START Materials provided

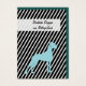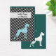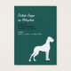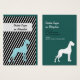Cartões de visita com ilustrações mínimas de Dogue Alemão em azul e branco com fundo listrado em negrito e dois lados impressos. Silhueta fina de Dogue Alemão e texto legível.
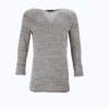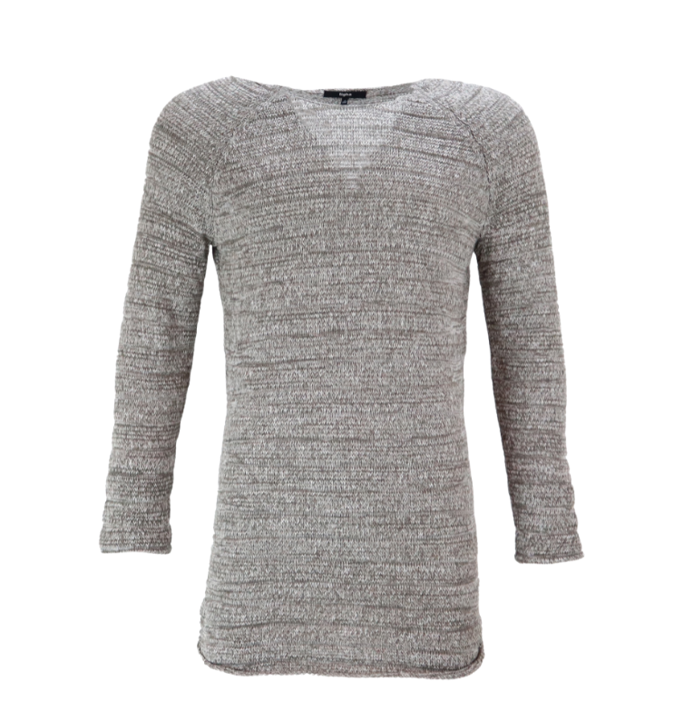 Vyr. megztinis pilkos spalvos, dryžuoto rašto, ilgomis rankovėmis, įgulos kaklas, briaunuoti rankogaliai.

END Materials provided
START Materials provided

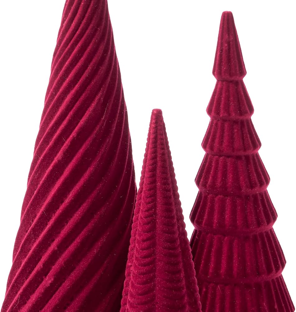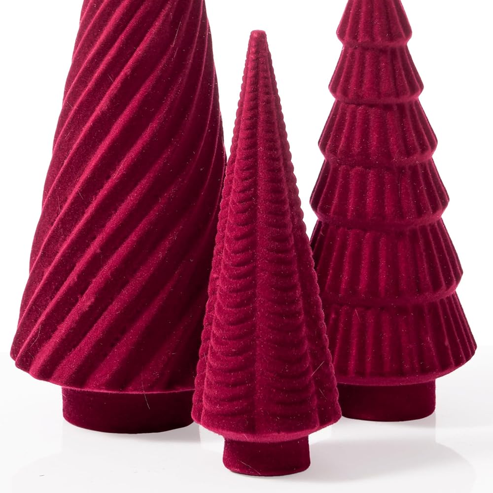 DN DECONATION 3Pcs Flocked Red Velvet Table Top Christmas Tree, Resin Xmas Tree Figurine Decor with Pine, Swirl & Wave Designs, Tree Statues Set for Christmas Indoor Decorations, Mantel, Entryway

END Materials provided

◆ **Work instruction**: Copy word for word the lines of the records above from the one with "Cartões de visita" up to and including the one with "Vyr. megztinis pilkos". Skip the pictures.

◆ **Response to this exercise**:
Cartões de visita com ilustrações mínimas de Dogue Alemão em azul e branco com fundo listrado em negrito e dois lados impressos. Silhueta fina de Dogue Alemão e texto legível.
 Vyr. megztinis pilkos spalvos, dryžuoto rašto, ilgomis rankovėmis, įgulos kaklas, briaunuoti rankogaliai.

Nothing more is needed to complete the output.